TASK OBJECTIVE:
With the pictures omitted, output word for word the lines from the one containing "Objektiv je u" through the end of the records.

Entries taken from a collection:
────────
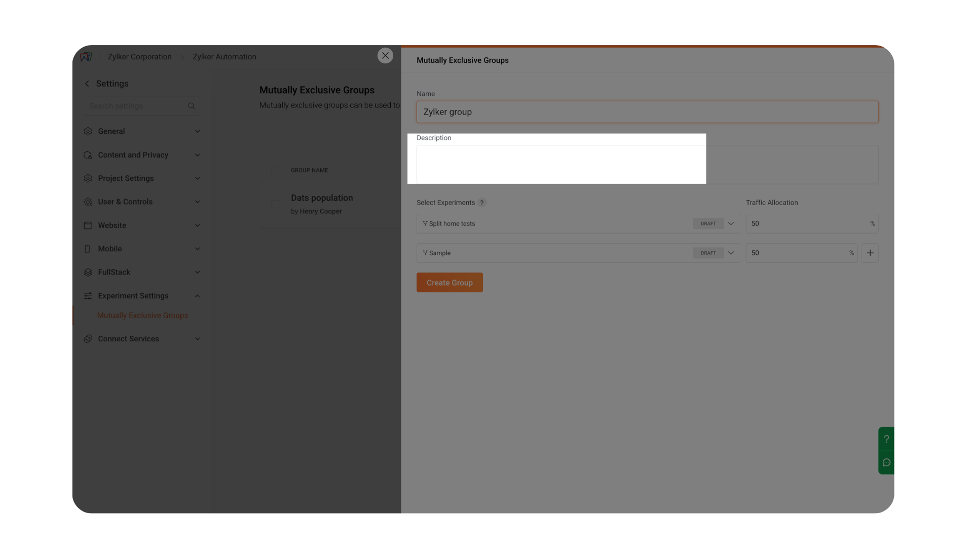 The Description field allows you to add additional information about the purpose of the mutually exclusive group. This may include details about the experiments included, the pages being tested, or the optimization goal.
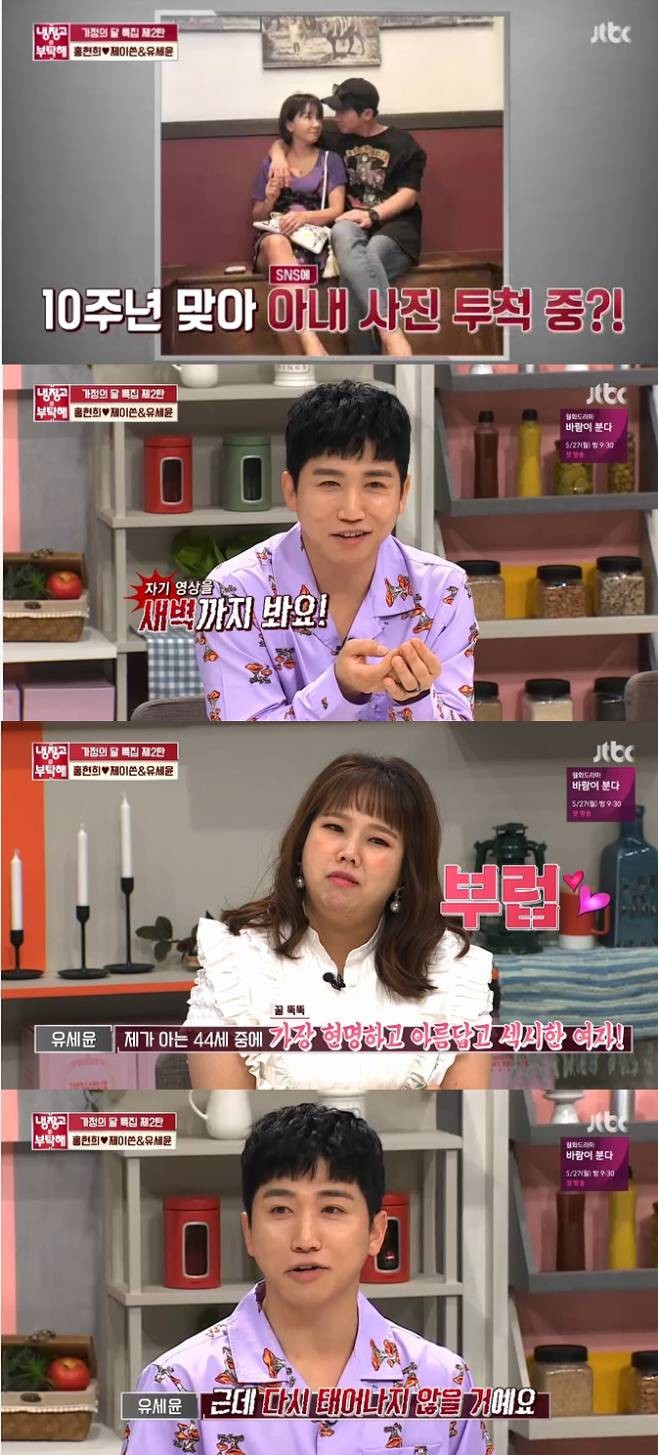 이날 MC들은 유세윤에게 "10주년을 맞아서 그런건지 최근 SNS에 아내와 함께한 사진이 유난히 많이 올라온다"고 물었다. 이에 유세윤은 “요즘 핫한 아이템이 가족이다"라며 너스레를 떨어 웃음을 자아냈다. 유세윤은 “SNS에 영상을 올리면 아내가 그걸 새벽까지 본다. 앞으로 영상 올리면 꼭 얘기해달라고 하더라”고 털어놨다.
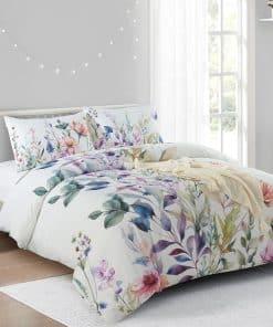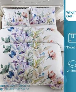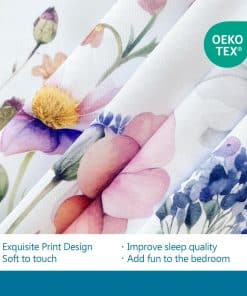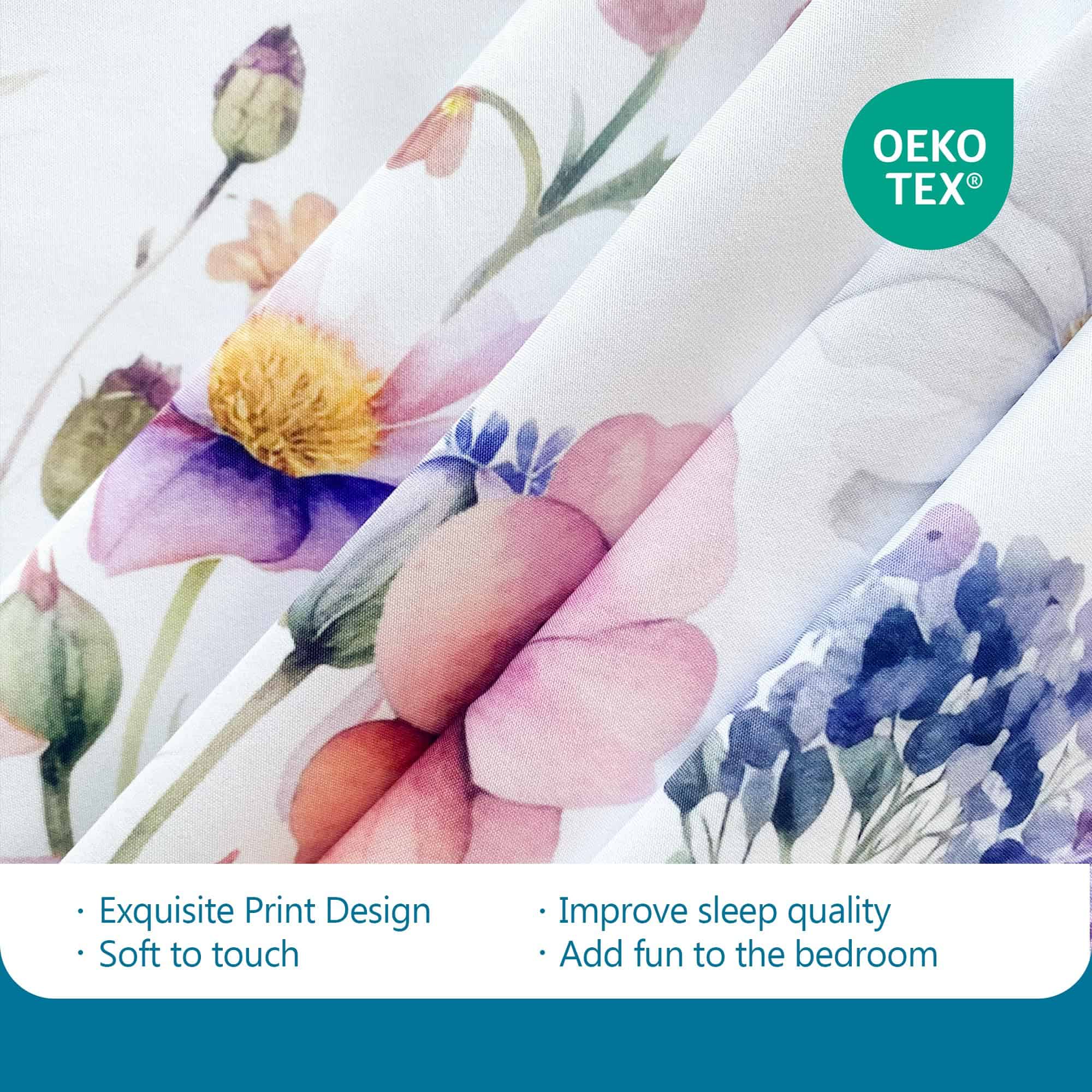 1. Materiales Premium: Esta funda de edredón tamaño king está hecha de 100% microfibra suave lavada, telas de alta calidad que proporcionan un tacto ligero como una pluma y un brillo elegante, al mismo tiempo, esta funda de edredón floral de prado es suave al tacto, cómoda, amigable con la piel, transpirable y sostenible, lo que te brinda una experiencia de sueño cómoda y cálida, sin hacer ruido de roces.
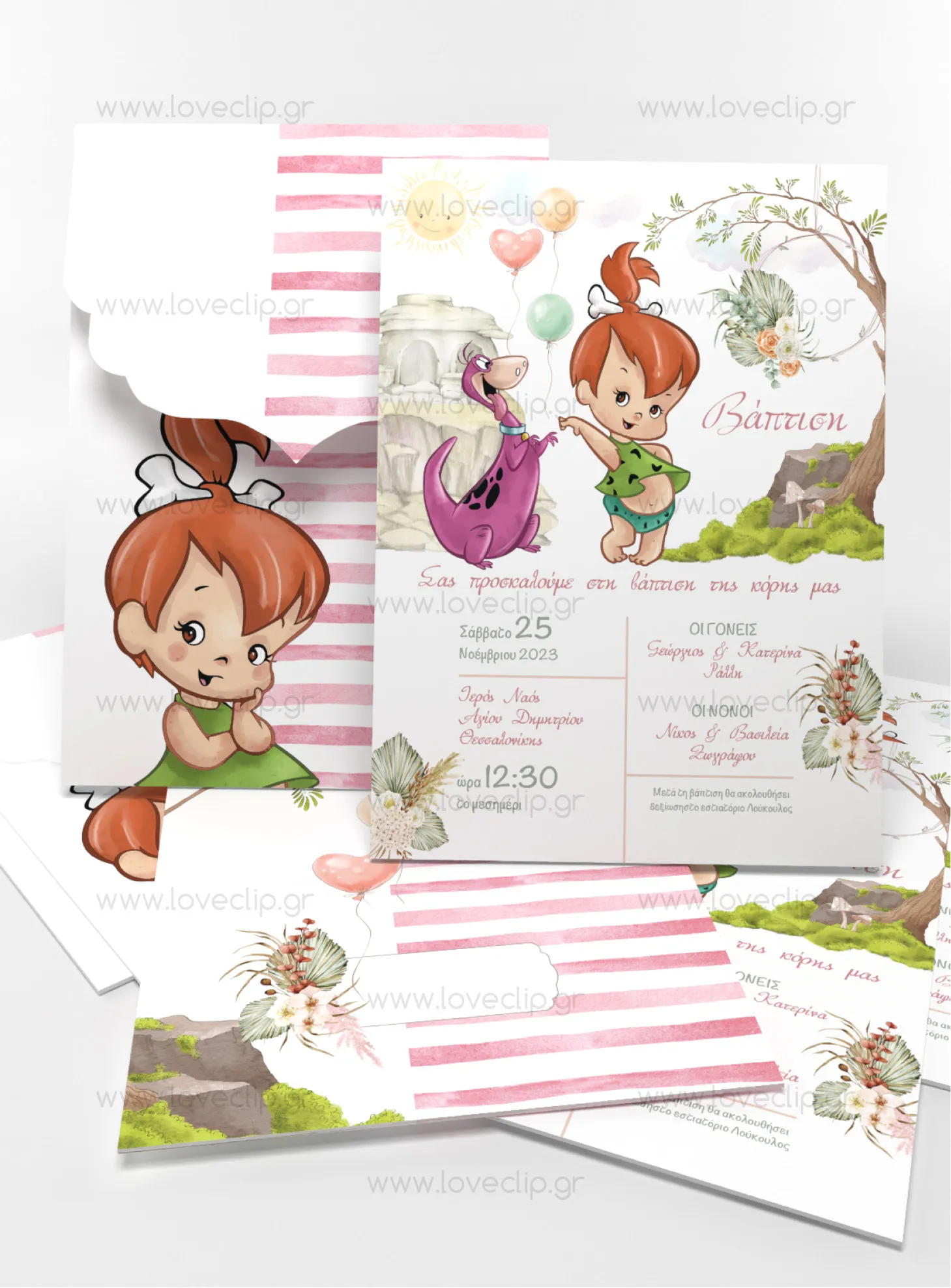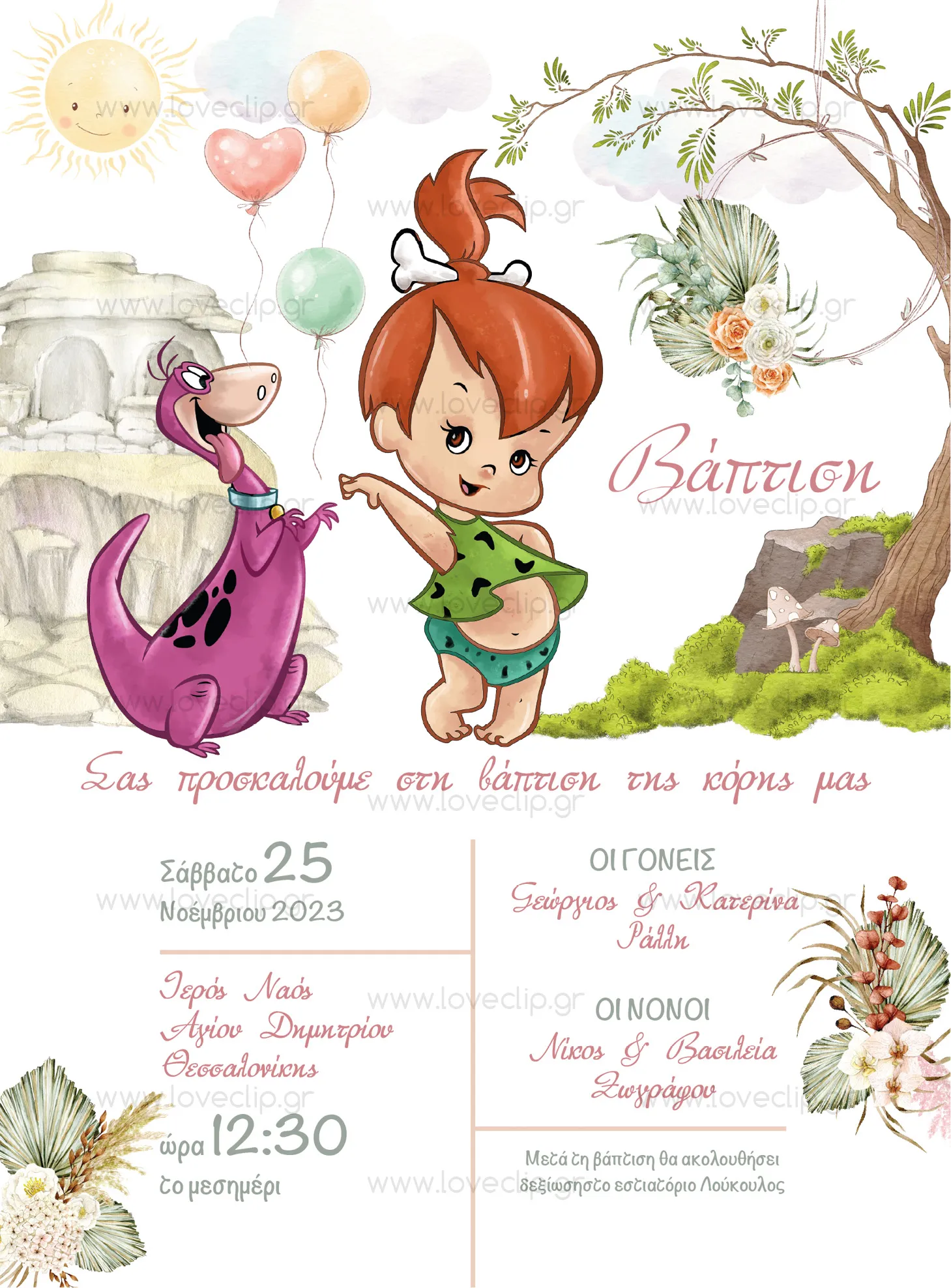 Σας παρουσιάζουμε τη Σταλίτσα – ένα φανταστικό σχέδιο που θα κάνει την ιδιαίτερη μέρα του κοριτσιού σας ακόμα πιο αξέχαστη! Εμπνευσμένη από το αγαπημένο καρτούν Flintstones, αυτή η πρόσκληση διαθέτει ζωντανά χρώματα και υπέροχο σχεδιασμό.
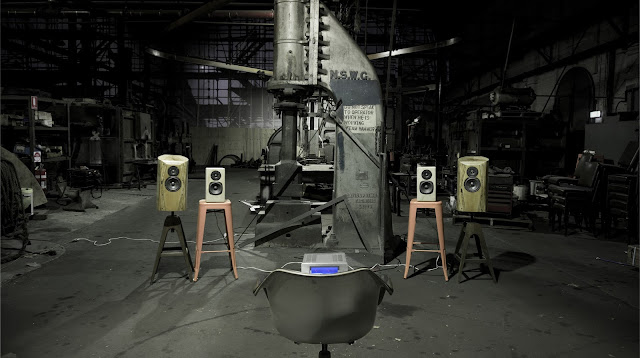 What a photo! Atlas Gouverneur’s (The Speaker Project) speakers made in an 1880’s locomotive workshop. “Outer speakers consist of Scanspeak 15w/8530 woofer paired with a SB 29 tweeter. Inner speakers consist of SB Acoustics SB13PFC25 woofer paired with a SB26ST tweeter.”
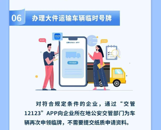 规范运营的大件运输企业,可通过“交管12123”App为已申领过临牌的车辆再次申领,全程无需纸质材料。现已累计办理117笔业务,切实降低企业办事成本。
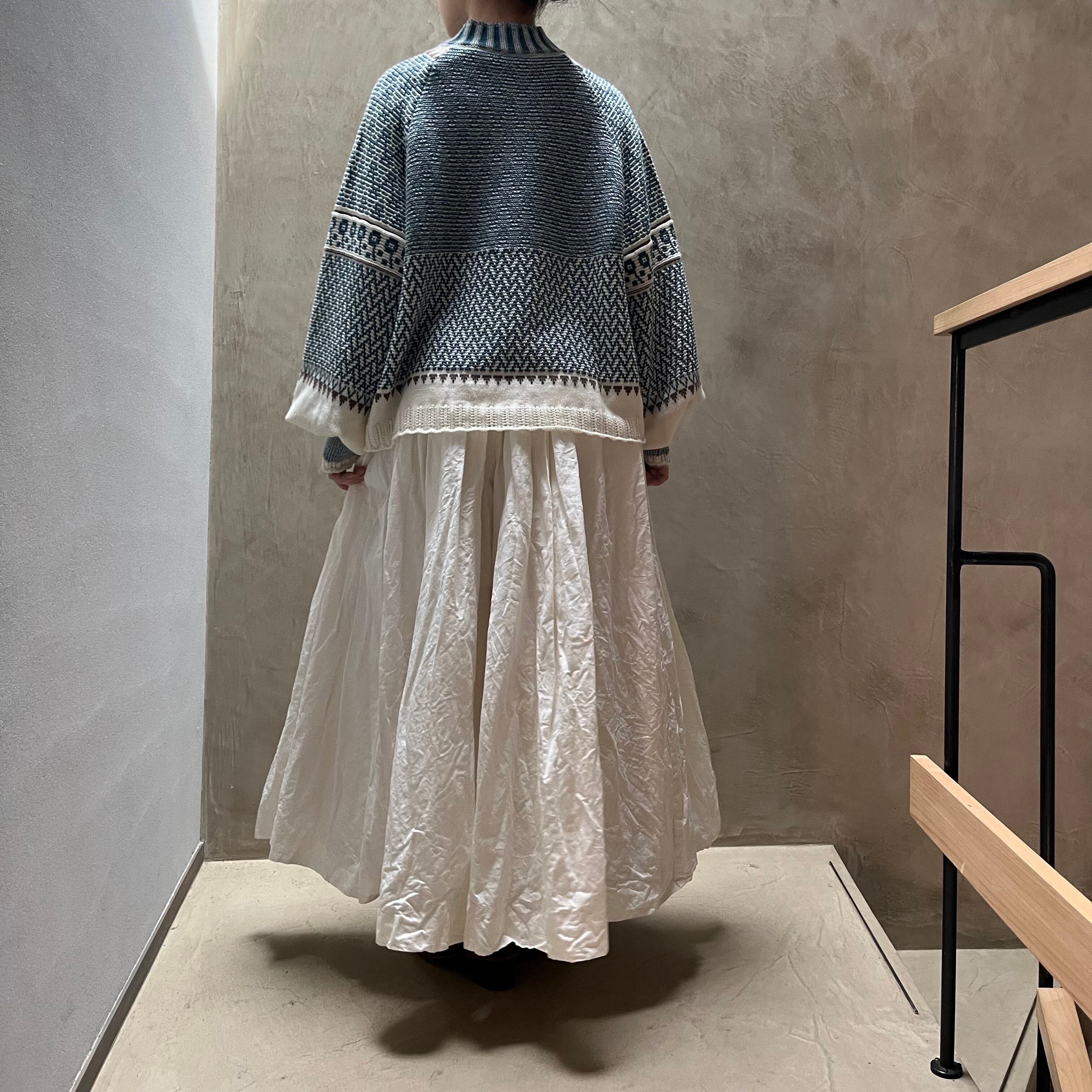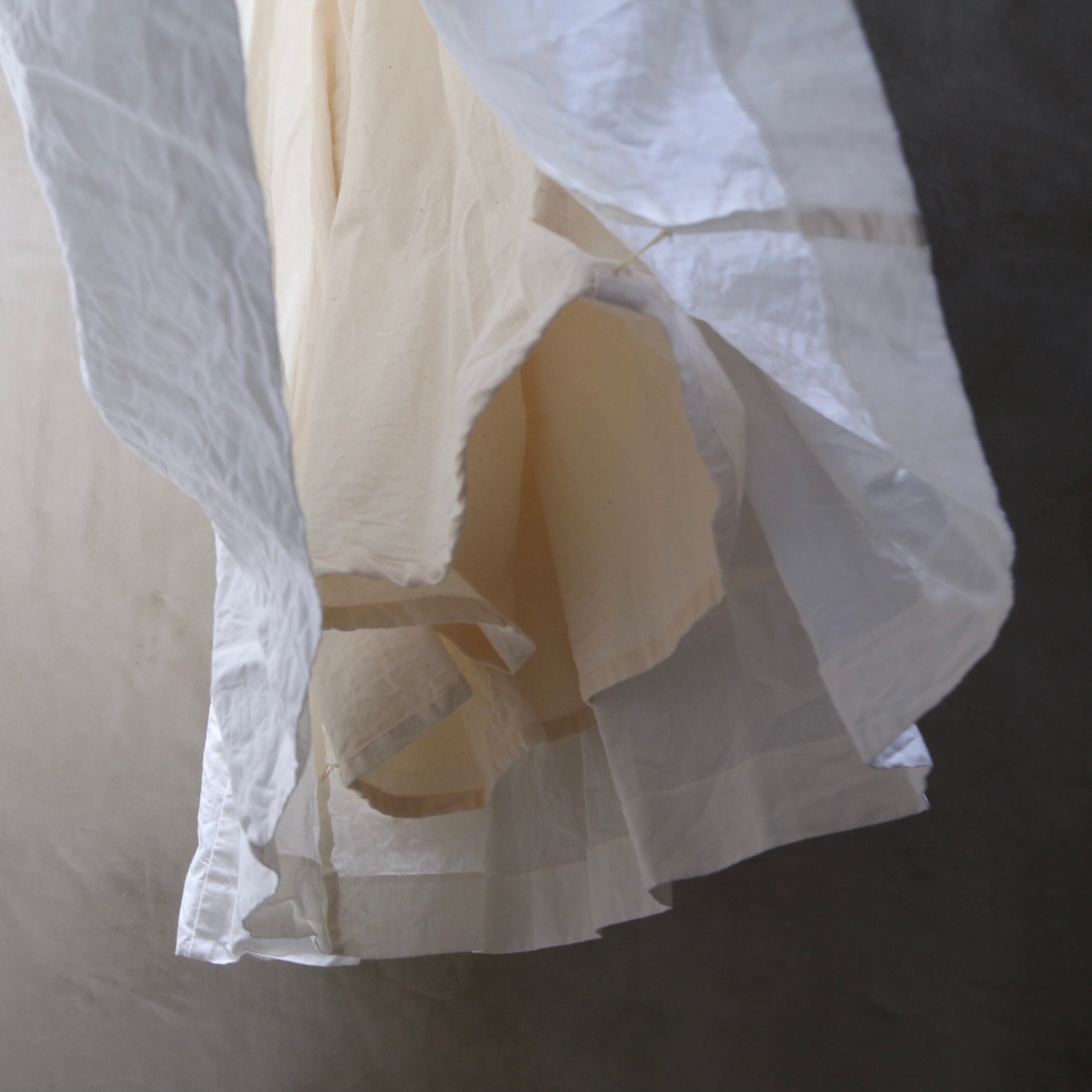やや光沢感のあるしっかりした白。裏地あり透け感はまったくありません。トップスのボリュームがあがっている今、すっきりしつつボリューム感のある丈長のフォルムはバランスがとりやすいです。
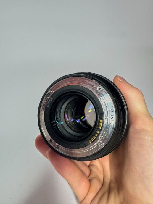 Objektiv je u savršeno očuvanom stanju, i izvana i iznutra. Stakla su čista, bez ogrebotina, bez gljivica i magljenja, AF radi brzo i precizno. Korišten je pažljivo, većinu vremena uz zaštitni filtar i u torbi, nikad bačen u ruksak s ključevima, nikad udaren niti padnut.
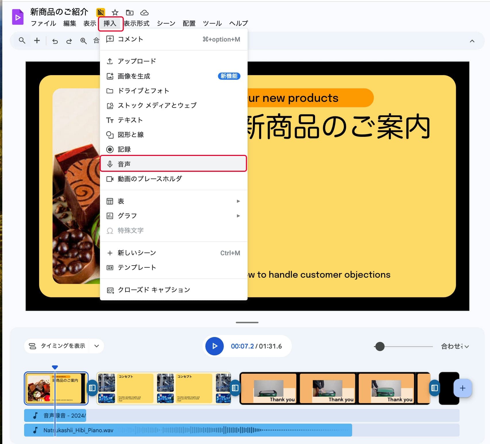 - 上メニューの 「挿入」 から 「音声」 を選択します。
────────
PROBLEM SOLUTION:
 Objektiv je u savršeno očuvanom stanju, i izvana i iznutra. Stakla su čista, bez ogrebotina, bez gljivica i magljenja, AF radi brzo i precizno. Korišten je pažljivo, većinu vremena uz zaštitni filtar i u torbi, nikad bačen u ruksak s ključevima, nikad udaren niti padnut.
 - 上メニューの 「挿入」 から 「音声」 を選択します。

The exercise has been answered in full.